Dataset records

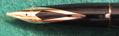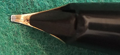 This pen is in quite nice condition and has been used; it dates from around 1970; it has no cracks or splits and no dings either; the clip is secure. The nib is a 14ct gold broad stub grade and the pen is a piston-filler; a delightful pen for everyday use, and nice to handle too.
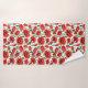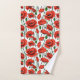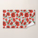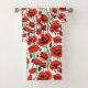 Towel set in a delicate pattern of vibrant red poppies with deep green stems and leaves, on a while background, with, each poppy bloom uniquely curved and twisted, as if swaying gently in the breeze.
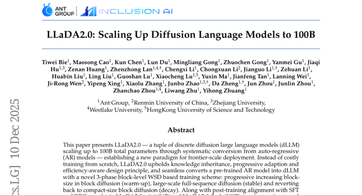 这项由蚂蚁集团联合人民大学、浙江大学、西湖大学和香港科技大学的国际研究团队于2025年12月发表在arXiv预印本平台上的研究(论文编号:2512.15745v1),成功开发出了名为LLaDA2.0的全新AI语言模型系列。这个系列的"旗舰"版本LLaDA2.0-flash拥有惊人的1000亿参数规模,在AI语言生成领域开创了一个全新的技术路径。
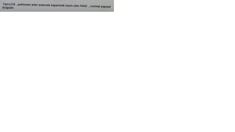 raporun tanı kısmı.LCA sol koroner arter demek, delinse hayat bitiyor, kalbi besleyen ana damar pulmoner arterle bağlantı kurmuş diyor.kaç tane makale okudum...tercümesi bu.Bakın uçlarda yaşıyorsunuz
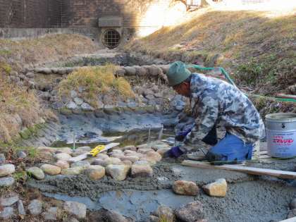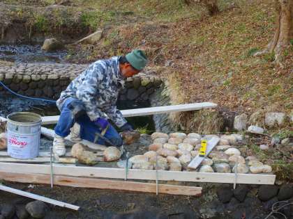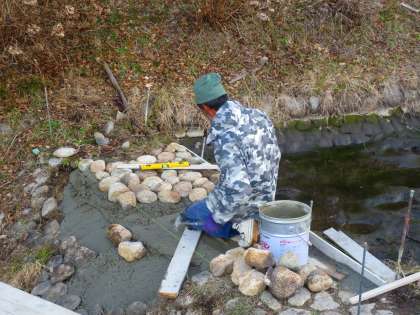 水が流れる所なので、水平をきちんと測ります。またぼろぼろになったモルタルを撤去して地盤を固めます。それから基礎コンクリートをいれるので、コンクリートを作っては運び、そして流してならすを延々と繰り返しました。
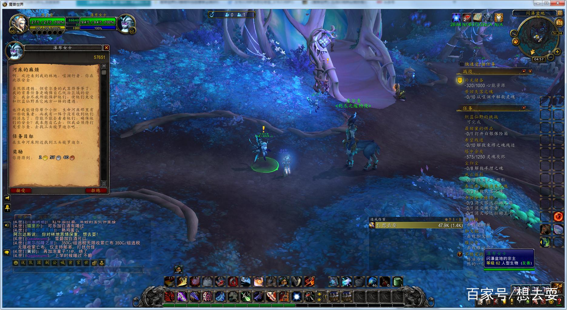 然后跳到树干上,拥有位移的职业都可以简单地过去。上去后在一个马车下面有一个开裂的魂网可以拾取。拾取之后回到坐标(50,33),找到npc格温娜。格温娜要把直线任务做完才会出现,我们需要到瀑布女士哪里接取“河床的麻烦”直到做完,然后到翩猎(48,24)再接后续。
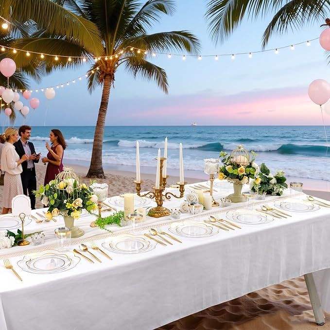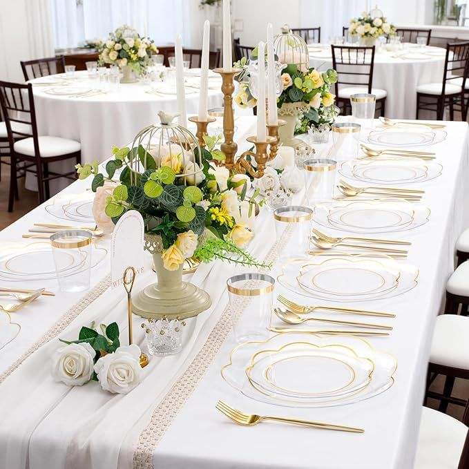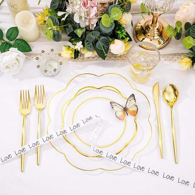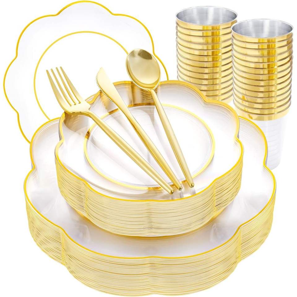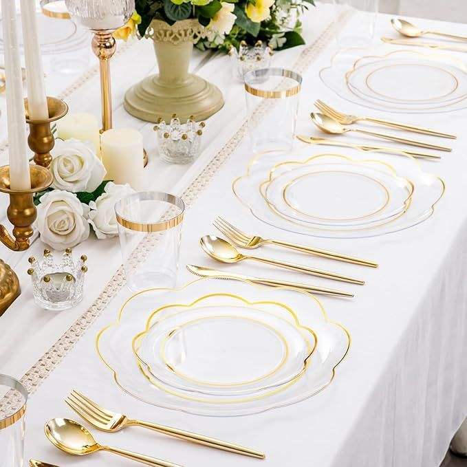 Set di stoviglie in plastica trasparente EI da 180 pezzi, resistente, con posate oro e argento per matrimoni e feste

__PROBLEM DETAILS__. Retype the records above word for word, from their first line through the line containing "这项由蚂蚁集团联合人民大学、", and leave out every picture.

__ANSWER TO THIS TASK__.
 This pen is in quite nice condition and has been used; it dates from around 1970; it has no cracks or splits and no dings either; the clip is secure. The nib is a 14ct gold broad stub grade and the pen is a piston-filler; a delightful pen for everyday use, and nice to handle too.
 Towel set in a delicate pattern of vibrant red poppies with deep green stems and leaves, on a while background, with, each poppy bloom uniquely curved and twisted, as if swaying gently in the breeze.
 这项由蚂蚁集团联合人民大学、浙江大学、西湖大学和香港科技大学的国际研究团队于2025年12月发表在arXiv预印本平台上的研究(论文编号:2512.15745v1),成功开发出了名为LLaDA2.0的全新AI语言模型系列。这个系列的"旗舰"版本LLaDA2.0-flash拥有惊人的1000亿参数规模,在AI语言生成领域开创了一个全新的技术路径。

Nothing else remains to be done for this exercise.